Note: When a model is retrained, all users' conversations are automatically reset. Past responses were grounded in the previous model; resetting prevents stale or contradictory answers.
Sharing
The Predict agent inherits its sharing model from the project that contains the model. Anyone with access to the project has access to the agent.
When a shared user opens the agent for the first time, they start with a fresh conversation. Conversations are per-user, not shared.
Best practices and troubleshooting
For the most reliable results:
- Start specific. Ask about one record, one predictor, or one segment at a time. Use follow-up prompts to broaden.
- Reference records by name. The agent matches partial names and surfaces close matches when there's ambiguity.
- Use English-language playbooks. Non-English content isn't blocked, but response quality may vary.
- Use thumbs-down to flag drift. If a response looks wrong, mark it so the team can investigate.

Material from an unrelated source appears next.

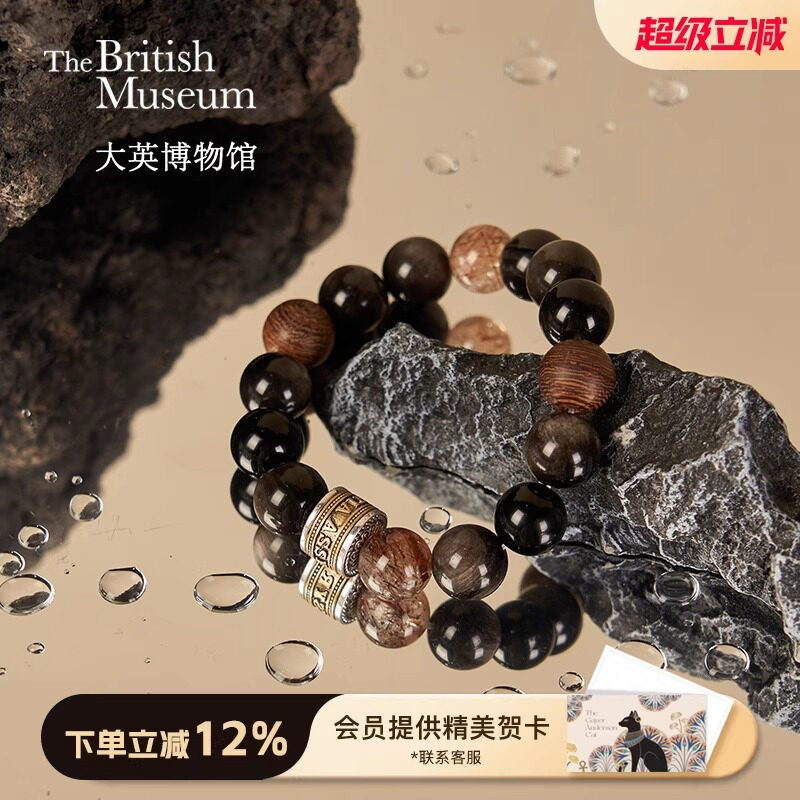 大英博物馆黑曜石手串男款手链男士情侣手链男友男生生日礼物轻奢

- Reset the conversation when context drifts. If you've moved across several unrelated topics, a fresh conversation produces sharper answers.
If a response looks wrong
- The agent's data is current to the model's last training run. Recent activity outside that window isn't reflected.
- If you push back on a score, the agent will list the top signals that drove it. If those signals aren't accurate for your record, that's a data-quality flag worth raising with your Pendo team.
- If the agent says it can't answer a question (for example, a counterfactual or an out-of-scope ask), the limit is intentional, see What the Predict agent doesn't do section.